*Exercise requirements*
Find the line containing "condensado no ouvido" in the listing below. Repeat it exactly, along with each following line up to and including the one containing "Dolce & Gabbana".

--- Records for this task ---

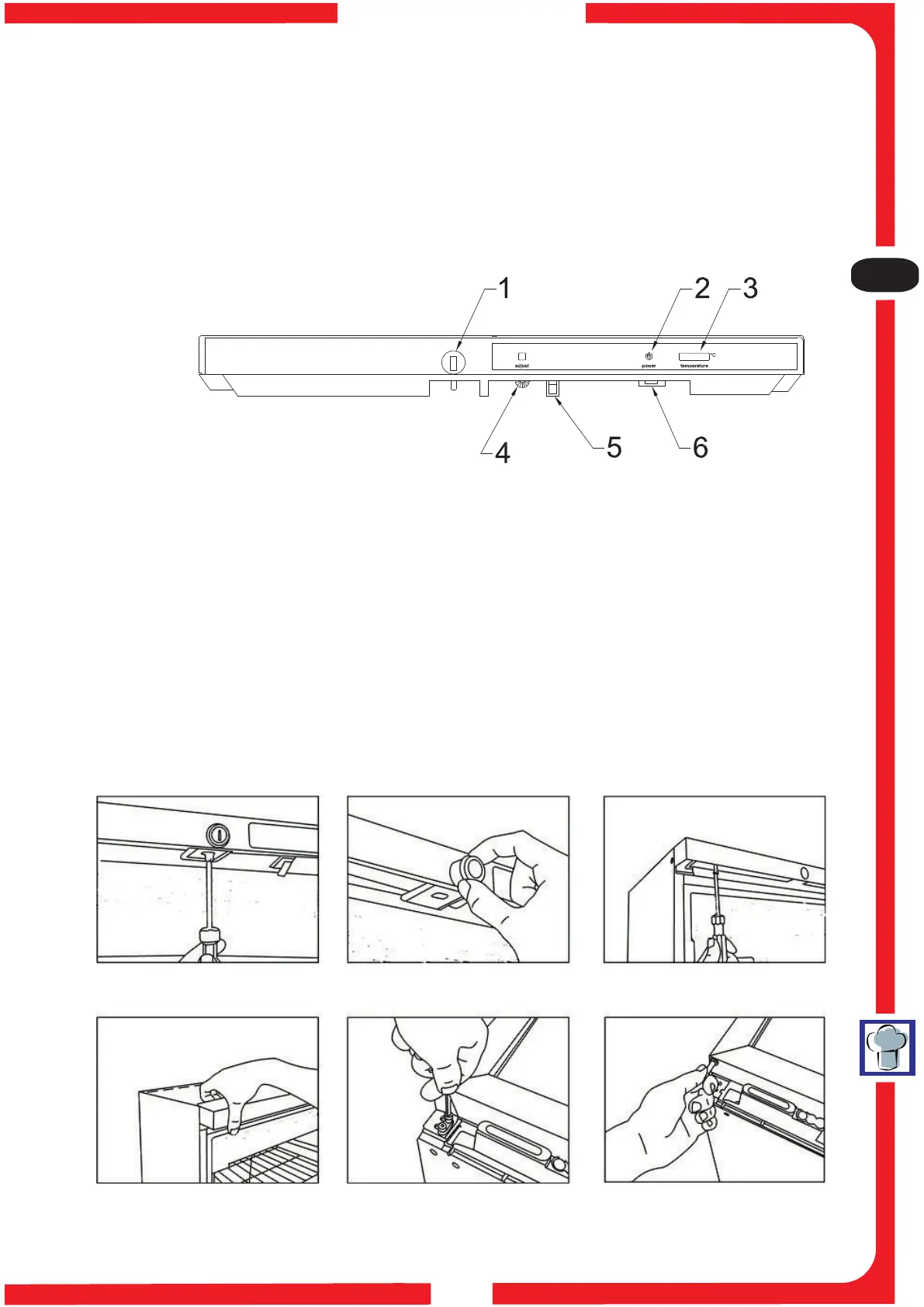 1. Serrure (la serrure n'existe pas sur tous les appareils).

---
--- Records for this task ---

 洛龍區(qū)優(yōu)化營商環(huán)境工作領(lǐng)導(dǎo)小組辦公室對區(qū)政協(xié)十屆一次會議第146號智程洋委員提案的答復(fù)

---
--- Records for this task ---

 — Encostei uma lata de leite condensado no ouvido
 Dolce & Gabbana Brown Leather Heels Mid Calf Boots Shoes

---

*Written answer*
 — Encostei uma lata de leite condensado no ouvido
 Dolce & Gabbana Brown Leather Heels Mid Calf Boots Shoes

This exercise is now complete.